→ Task:
Word for word, restate the data that follows, omitting the images.

→ Data supplied:

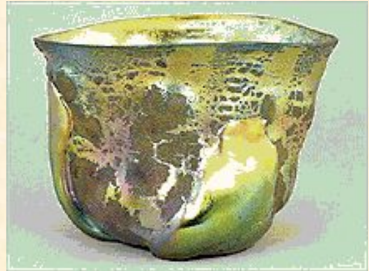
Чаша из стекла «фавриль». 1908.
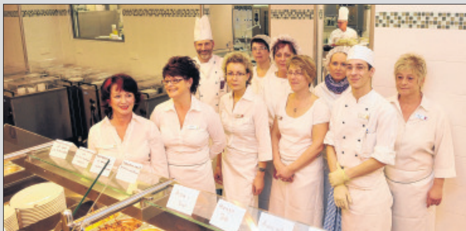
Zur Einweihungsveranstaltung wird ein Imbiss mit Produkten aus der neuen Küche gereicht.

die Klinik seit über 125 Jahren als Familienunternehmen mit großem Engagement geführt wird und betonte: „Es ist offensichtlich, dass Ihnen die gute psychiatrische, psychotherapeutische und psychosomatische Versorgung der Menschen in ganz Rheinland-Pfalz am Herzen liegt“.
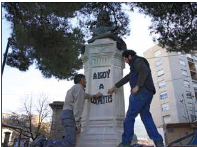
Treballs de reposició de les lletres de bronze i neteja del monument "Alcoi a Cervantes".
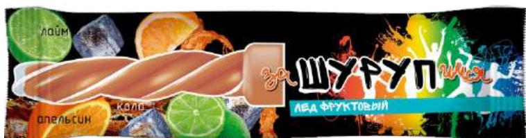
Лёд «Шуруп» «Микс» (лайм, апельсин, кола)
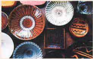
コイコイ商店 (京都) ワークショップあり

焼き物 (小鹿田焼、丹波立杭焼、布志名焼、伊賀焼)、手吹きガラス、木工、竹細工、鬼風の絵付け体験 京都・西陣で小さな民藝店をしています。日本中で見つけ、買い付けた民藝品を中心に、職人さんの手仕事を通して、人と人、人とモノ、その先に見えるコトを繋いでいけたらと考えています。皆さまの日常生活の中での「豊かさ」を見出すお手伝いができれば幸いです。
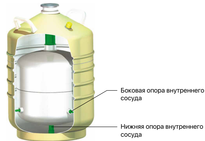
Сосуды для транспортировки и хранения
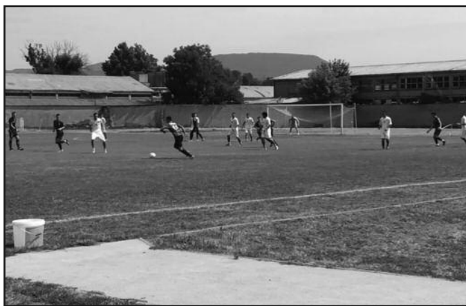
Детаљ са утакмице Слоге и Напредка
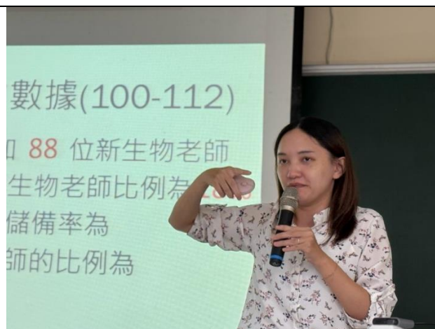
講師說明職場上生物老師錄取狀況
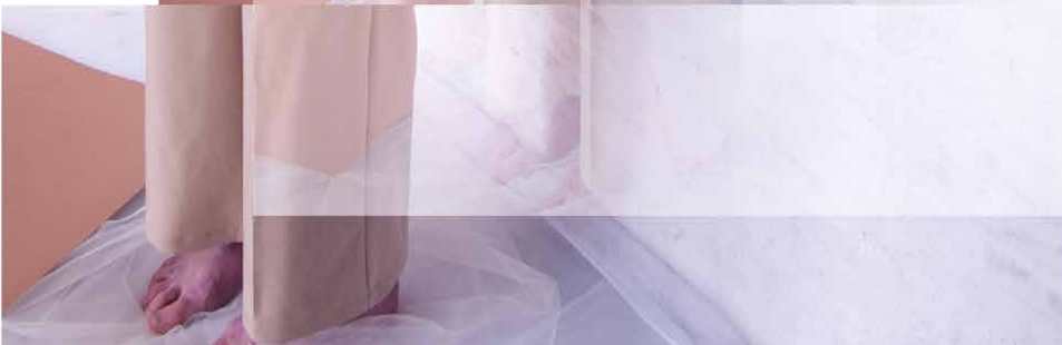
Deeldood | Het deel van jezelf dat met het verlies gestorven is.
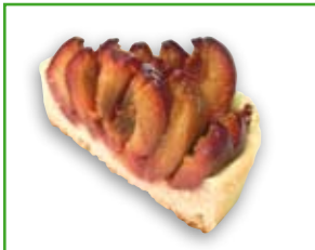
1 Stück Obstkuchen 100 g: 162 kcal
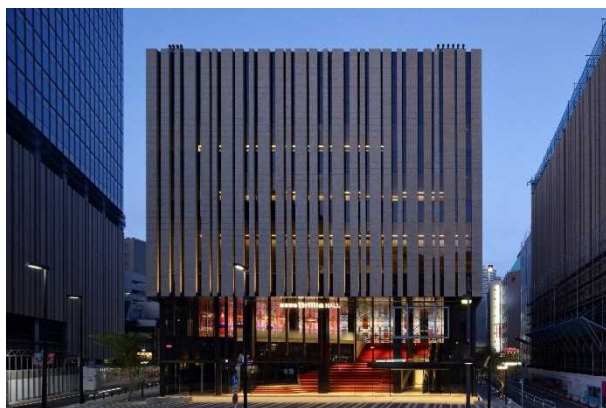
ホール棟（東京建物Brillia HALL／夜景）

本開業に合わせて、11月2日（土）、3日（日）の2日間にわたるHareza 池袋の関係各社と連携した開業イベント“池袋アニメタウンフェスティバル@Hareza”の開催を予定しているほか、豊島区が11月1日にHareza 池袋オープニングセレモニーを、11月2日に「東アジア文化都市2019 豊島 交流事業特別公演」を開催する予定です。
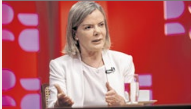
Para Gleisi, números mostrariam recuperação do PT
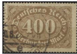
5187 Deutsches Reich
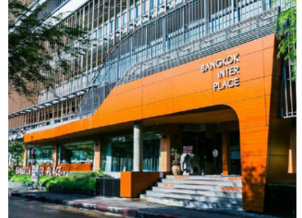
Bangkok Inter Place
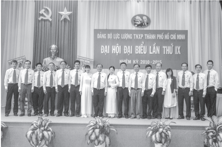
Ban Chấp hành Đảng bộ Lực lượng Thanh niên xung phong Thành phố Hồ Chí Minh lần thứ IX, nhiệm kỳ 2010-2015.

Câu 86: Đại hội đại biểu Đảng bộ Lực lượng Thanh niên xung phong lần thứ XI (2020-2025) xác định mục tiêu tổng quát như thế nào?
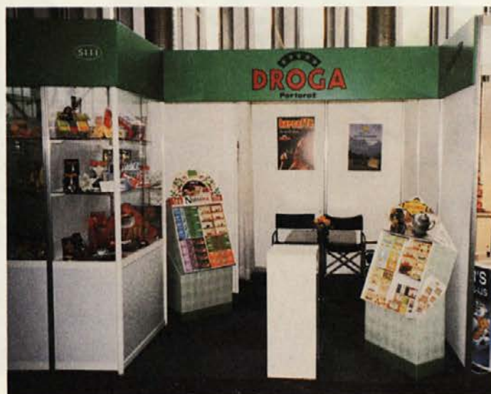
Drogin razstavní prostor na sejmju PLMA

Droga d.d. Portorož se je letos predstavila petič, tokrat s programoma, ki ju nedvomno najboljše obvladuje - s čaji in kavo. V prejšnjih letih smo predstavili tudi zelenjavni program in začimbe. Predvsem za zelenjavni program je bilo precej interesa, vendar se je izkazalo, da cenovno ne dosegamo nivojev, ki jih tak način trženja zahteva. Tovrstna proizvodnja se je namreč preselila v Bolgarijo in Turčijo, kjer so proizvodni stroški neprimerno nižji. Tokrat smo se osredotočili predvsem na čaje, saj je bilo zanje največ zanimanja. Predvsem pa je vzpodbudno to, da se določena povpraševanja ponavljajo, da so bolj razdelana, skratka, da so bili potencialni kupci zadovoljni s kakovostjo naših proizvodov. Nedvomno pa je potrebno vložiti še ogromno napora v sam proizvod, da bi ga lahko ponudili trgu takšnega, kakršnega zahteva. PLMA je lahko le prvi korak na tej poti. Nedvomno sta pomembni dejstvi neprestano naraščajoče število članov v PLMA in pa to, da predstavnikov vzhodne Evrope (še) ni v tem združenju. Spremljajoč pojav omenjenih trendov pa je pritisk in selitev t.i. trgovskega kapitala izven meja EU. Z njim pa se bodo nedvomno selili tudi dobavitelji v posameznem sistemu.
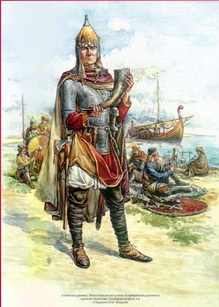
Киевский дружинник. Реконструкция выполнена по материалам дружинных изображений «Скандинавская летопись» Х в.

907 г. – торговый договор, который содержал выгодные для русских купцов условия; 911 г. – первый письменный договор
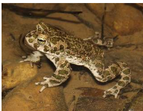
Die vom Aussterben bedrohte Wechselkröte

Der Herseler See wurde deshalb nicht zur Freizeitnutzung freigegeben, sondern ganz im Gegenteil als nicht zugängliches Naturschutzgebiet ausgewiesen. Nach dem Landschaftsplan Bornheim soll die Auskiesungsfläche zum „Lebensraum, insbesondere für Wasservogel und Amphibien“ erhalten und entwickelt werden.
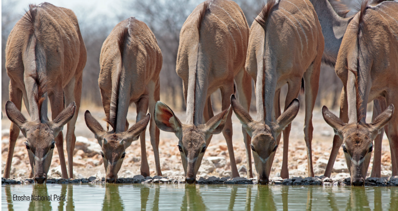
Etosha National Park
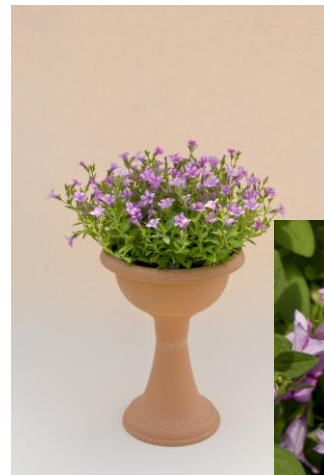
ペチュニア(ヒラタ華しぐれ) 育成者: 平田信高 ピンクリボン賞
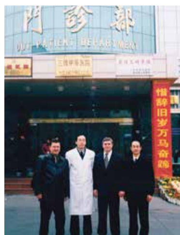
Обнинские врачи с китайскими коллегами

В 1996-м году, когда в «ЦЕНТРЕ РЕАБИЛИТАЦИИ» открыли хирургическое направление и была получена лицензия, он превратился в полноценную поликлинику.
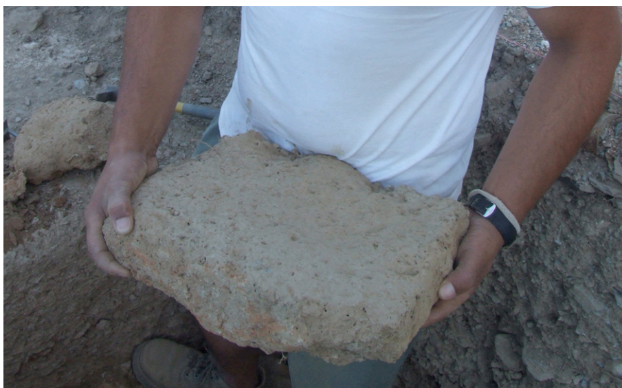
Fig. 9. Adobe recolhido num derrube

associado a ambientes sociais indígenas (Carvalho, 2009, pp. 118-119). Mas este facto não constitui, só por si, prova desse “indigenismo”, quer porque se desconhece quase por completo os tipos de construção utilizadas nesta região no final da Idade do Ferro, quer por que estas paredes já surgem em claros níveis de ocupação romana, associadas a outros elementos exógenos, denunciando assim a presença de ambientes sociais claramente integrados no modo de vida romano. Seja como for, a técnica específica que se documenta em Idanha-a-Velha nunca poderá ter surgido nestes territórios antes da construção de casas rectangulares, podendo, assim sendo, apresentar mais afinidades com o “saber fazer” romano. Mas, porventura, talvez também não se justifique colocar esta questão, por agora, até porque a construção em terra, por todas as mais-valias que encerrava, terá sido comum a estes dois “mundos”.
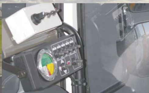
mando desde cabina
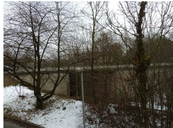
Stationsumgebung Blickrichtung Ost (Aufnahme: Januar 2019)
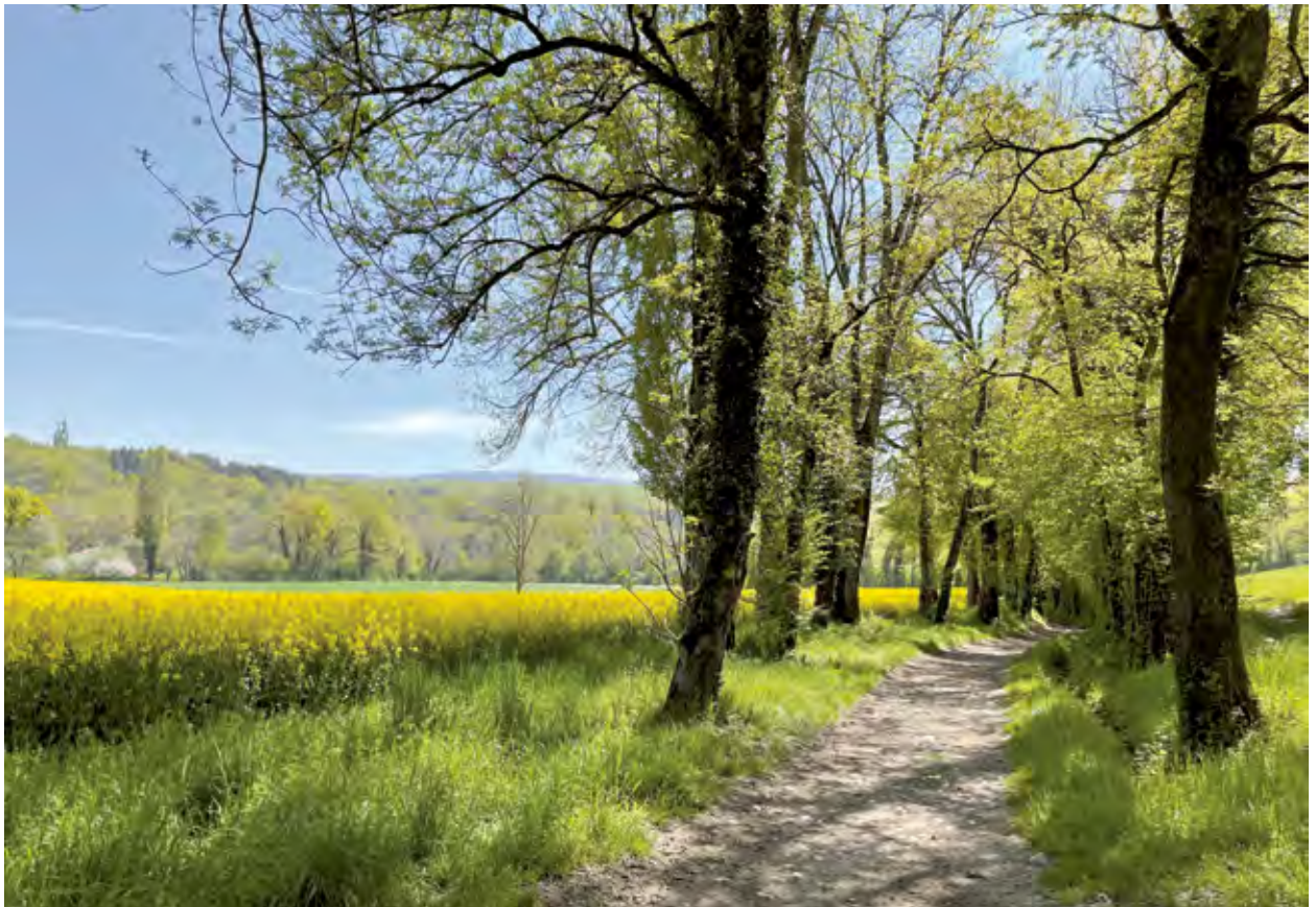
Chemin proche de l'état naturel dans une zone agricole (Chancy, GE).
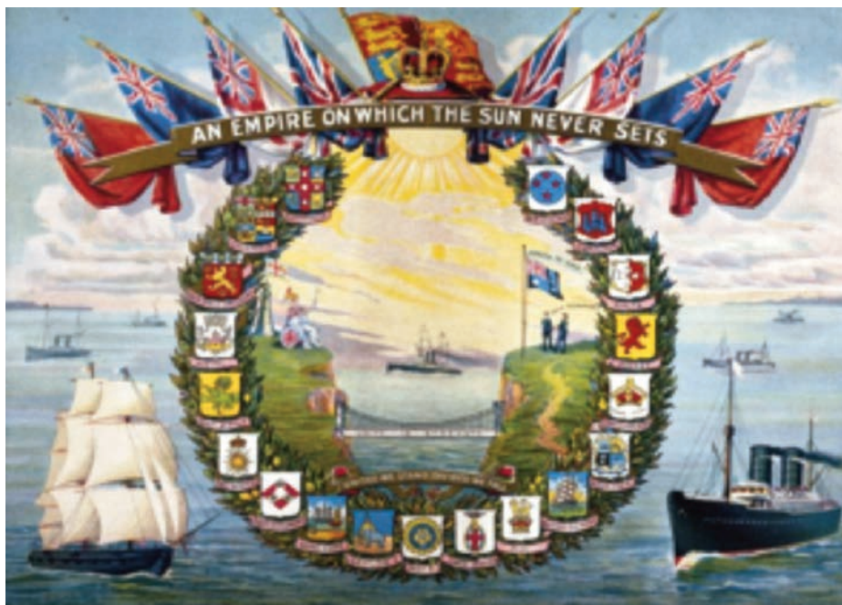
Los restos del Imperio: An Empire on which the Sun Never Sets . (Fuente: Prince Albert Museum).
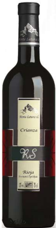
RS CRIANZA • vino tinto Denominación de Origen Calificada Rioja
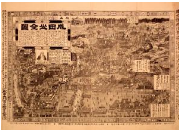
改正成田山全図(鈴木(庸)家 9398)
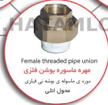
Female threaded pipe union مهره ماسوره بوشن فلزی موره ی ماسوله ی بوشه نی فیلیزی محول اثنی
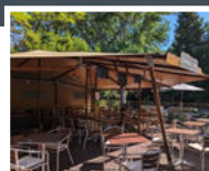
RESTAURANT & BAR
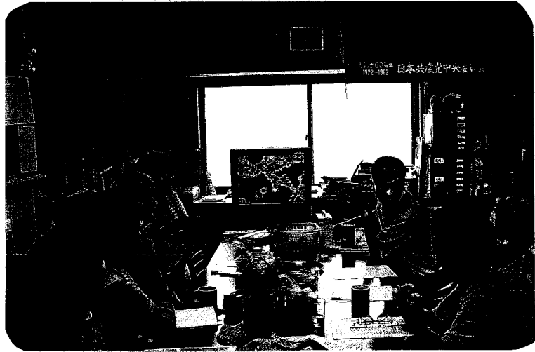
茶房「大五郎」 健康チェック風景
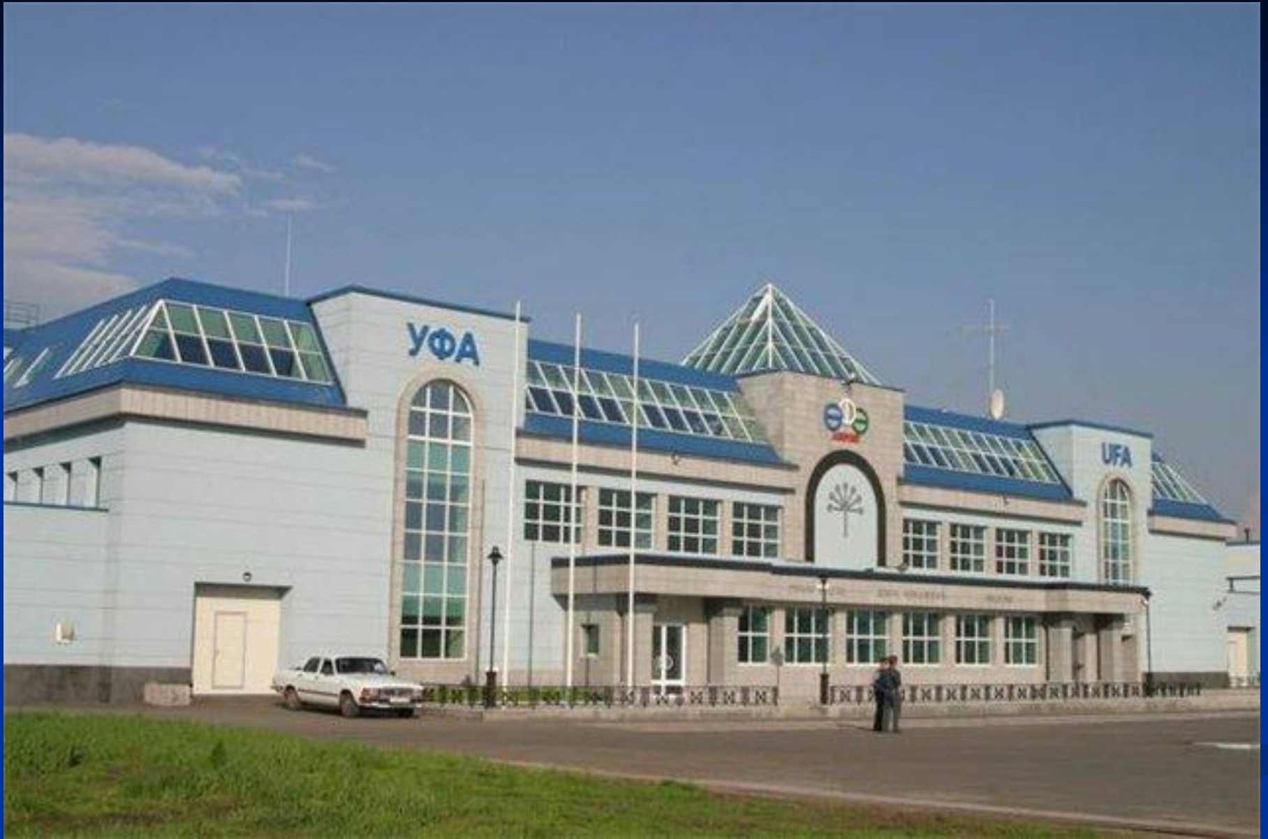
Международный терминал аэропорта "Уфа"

→ Result of the task:
Чаша из стекла «фавриль». 1908.
Zur Einweihungsveranstaltung wird ein Imbiss mit Produkten aus der neuen Küche gereicht.

die Klinik seit über 125 Jahren als Familienunternehmen mit großem Engagement geführt wird und betonte: „Es ist offensichtlich, dass Ihnen die gute psychiatrische, psychotherapeutische und psychosomatische Versorgung der Menschen in ganz Rheinland-Pfalz am Herzen liegt“.
Treballs de reposició de les lletres de bronze i neteja del monument "Alcoi a Cervantes".
Лёд «Шуруп» «Микс» (лайм, апельсин, кола)
コイコイ商店 (京都) ワークショップあり

焼き物 (小鹿田焼、丹波立杭焼、布志名焼、伊賀焼)、手吹きガラス、木工、竹細工、鬼風の絵付け体験 京都・西陣で小さな民藝店をしています。日本中で見つけ、買い付けた民藝品を中心に、職人さんの手仕事を通して、人と人、人とモノ、その先に見えるコトを繋いでいけたらと考えています。皆さまの日常生活の中での「豊かさ」を見出すお手伝いができれば幸いです。
Сосуды для транспортировки и хранения
Детаљ са утакмице Слоге и Напредка
講師說明職場上生物老師錄取狀況
Deeldood | Het deel van jezelf dat met het verlies gestorven is.
1 Stück Obstkuchen 100 g: 162 kcal
ホール棟（東京建物Brillia HALL／夜景）

本開業に合わせて、11月2日（土）、3日（日）の2日間にわたるHareza 池袋の関係各社と連携した開業イベント“池袋アニメタウンフェスティバル@Hareza”の開催を予定しているほか、豊島区が11月1日にHareza 池袋オープニングセレモニーを、11月2日に「東アジア文化都市2019 豊島 交流事業特別公演」を開催する予定です。
Para Gleisi, números mostrariam recuperação do PT
5187 Deutsches Reich
Bangkok Inter Place
Ban Chấp hành Đảng bộ Lực lượng Thanh niên xung phong Thành phố Hồ Chí Minh lần thứ IX, nhiệm kỳ 2010-2015.

Câu 86: Đại hội đại biểu Đảng bộ Lực lượng Thanh niên xung phong lần thứ XI (2020-2025) xác định mục tiêu tổng quát như thế nào?
Drogin razstavní prostor na sejmju PLMA

Droga d.d. Portorož se je letos predstavila petič, tokrat s programoma, ki ju nedvomno najboljše obvladuje - s čaji in kavo. V prejšnjih letih smo predstavili tudi zelenjavni program in začimbe. Predvsem za zelenjavni program je bilo precej interesa, vendar se je izkazalo, da cenovno ne dosegamo nivojev, ki jih tak način trženja zahteva. Tovrstna proizvodnja se je namreč preselila v Bolgarijo in Turčijo, kjer so proizvodni stroški neprimerno nižji. Tokrat smo se osredotočili predvsem na čaje, saj je bilo zanje največ zanimanja. Predvsem pa je vzpodbudno to, da se določena povpraševanja ponavljajo, da so bolj razdelana, skratka, da so bili potencialni kupci zadovoljni s kakovostjo naših proizvodov. Nedvomno pa je potrebno vložiti še ogromno napora v sam proizvod, da bi ga lahko ponudili trgu takšnega, kakršnega zahteva. PLMA je lahko le prvi korak na tej poti. Nedvomno sta pomembni dejstvi neprestano naraščajoče število članov v PLMA in pa to, da predstavnikov vzhodne Evrope (še) ni v tem združenju. Spremljajoč pojav omenjenih trendov pa je pritisk in selitev t.i. trgovskega kapitala izven meja EU. Z njim pa se bodo nedvomno selili tudi dobavitelji v posameznem sistemu.
Киевский дружинник. Реконструкция выполнена по материалам дружинных изображений «Скандинавская летопись» Х в.

907 г. – торговый договор, который содержал выгодные для русских купцов условия; 911 г. – первый письменный договор
Die vom Aussterben bedrohte Wechselkröte

Der Herseler See wurde deshalb nicht zur Freizeitnutzung freigegeben, sondern ganz im Gegenteil als nicht zugängliches Naturschutzgebiet ausgewiesen. Nach dem Landschaftsplan Bornheim soll die Auskiesungsfläche zum „Lebensraum, insbesondere für Wasservogel und Amphibien“ erhalten und entwickelt werden.
Etosha National Park
ペチュニア(ヒラタ華しぐれ) 育成者: 平田信高 ピンクリボン賞
Обнинские врачи с китайскими коллегами

В 1996-м году, когда в «ЦЕНТРЕ РЕАБИЛИТАЦИИ» открыли хирургическое направление и была получена лицензия, он превратился в полноценную поликлинику.
Fig. 9. Adobe recolhido num derrube

associado a ambientes sociais indígenas (Carvalho, 2009, pp. 118-119). Mas este facto não constitui, só por si, prova desse “indigenismo”, quer porque se desconhece quase por completo os tipos de construção utilizadas nesta região no final da Idade do Ferro, quer por que estas paredes já surgem em claros níveis de ocupação romana, associadas a outros elementos exógenos, denunciando assim a presença de ambientes sociais claramente integrados no modo de vida romano. Seja como for, a técnica específica que se documenta em Idanha-a-Velha nunca poderá ter surgido nestes territórios antes da construção de casas rectangulares, podendo, assim sendo, apresentar mais afinidades com o “saber fazer” romano. Mas, porventura, talvez também não se justifique colocar esta questão, por agora, até porque a construção em terra, por todas as mais-valias que encerrava, terá sido comum a estes dois “mundos”.
mando desde cabina
Stationsumgebung Blickrichtung Ost (Aufnahme: Januar 2019)
Chemin proche de l'état naturel dans une zone agricole (Chancy, GE).
Los restos del Imperio: An Empire on which the Sun Never Sets . (Fuente: Prince Albert Museum).
RS CRIANZA • vino tinto Denominación de Origen Calificada Rioja
改正成田山全図(鈴木(庸)家 9398)
Female threaded pipe union مهره ماسوره بوشن فلزی موره ی ماسوله ی بوشه نی فیلیزی محول اثنی
RESTAURANT & BAR
茶房「大五郎」 健康チェック風景
Международный терминал аэропорта "Уфа"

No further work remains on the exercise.